By the time individual contributors can make significant contributions
for a particular silicon that silicon is long obsolete, so those efforts
will only tend to support coreboot as a pointless niche project.

That's not why I contribute to coreboot.

> Even in current infrastructure reviewing is a major slowdown.

As it should be. The purpose of peer review is to increase quality of
the codebase by having one or more peers review changes. Of course
that will take time.

The more complex a project is, the less development will be about
writing code. Writing code is just typing.

The hard work happens before, trying to create a design the
implementation of which will actually solve the problem, and after,
trying to find out whether the implementation actually *does* solve
the problem as intended and without introducing unforeseen issues.

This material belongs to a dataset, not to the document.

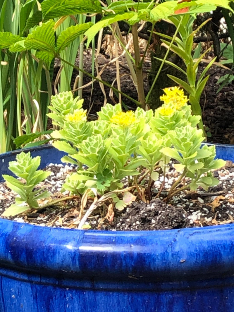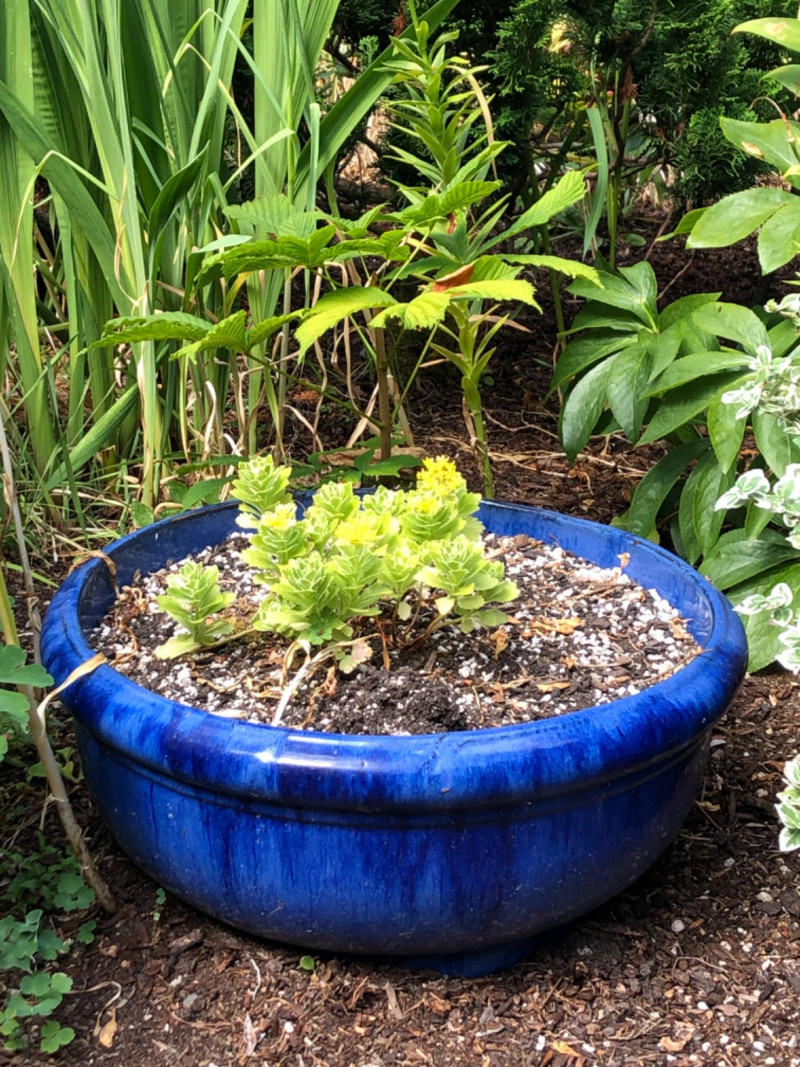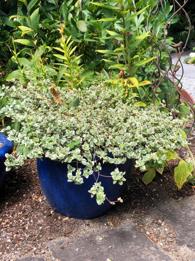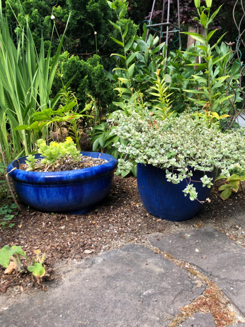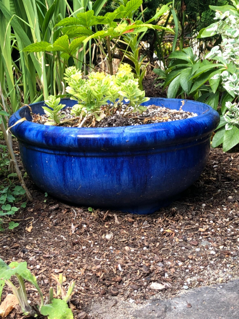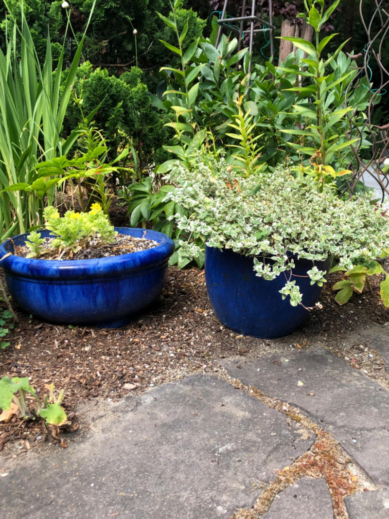 Lot # 132 - Set of Blue Ceramic Planters with Plants –Petunia and Coleus Group

A high rate of change means that all time is spent on writing code
and no time is spent either on thinking about the problem beforehand
or on analyzing results after the fact. That will decrease quality.

The discussion about slow or fast is distinct from the one about if
and how commercial and community can work together. Both are
important and I think now is a good time to have them.

> You cannot treat community as some kind of corporate entity.

You're right, and it's exactly why individual community contributors
are so limited in what we can do in coreboot.

> >>   Peter Stuge, Kyösti Mälkki, N.N. (non-commercial part of the
> >>   coreboot community)
> Sounds like a joke. While Peter is competent, he's also very busy. I'd
> expect his review thoughtput of perhaps a patch a week.

I think your estimate may even be on the optimistic side.

> You can't realistically put such burden on few people.

As I understand the proposal, the kind of work that gatekeepers would
do would be drastically different from the kind of work that reviewers
must currently do.

The burden for reviewers is currently very high because so many
changes are not finished when they are proposed for review.

Compare with Linux, where contributors more frequently than not send
perfect patches which are very quick to review.

> If you want a corporate version of coreboot, I think you have to
> use a workflow similar to Fedora vs Red Hat Enterprise Linux.

I would find it highly undesirable for coreboot to be anything like
Fedora. My experience with Fedora leaves quite some things to be desired.

> The changes you proposed would effectively make coreboot into
> corporate project.

It already is and as Ron described it actually always was. It's not
possible to make significant contributions for current hardware as an
individual contributor. I think coreboot may have an opportunity to
affect this, but certainly not by using brute contributor force.

> I'd expect a community fork to emerge quickly, outside of this new
> limiting infrastructure and I'll be surely moving to community fork.

Try to mentally balance the commit graph a bit differently.

I think part of the proposal was essentially to have a community branch?

That isn't too different from creating a fork?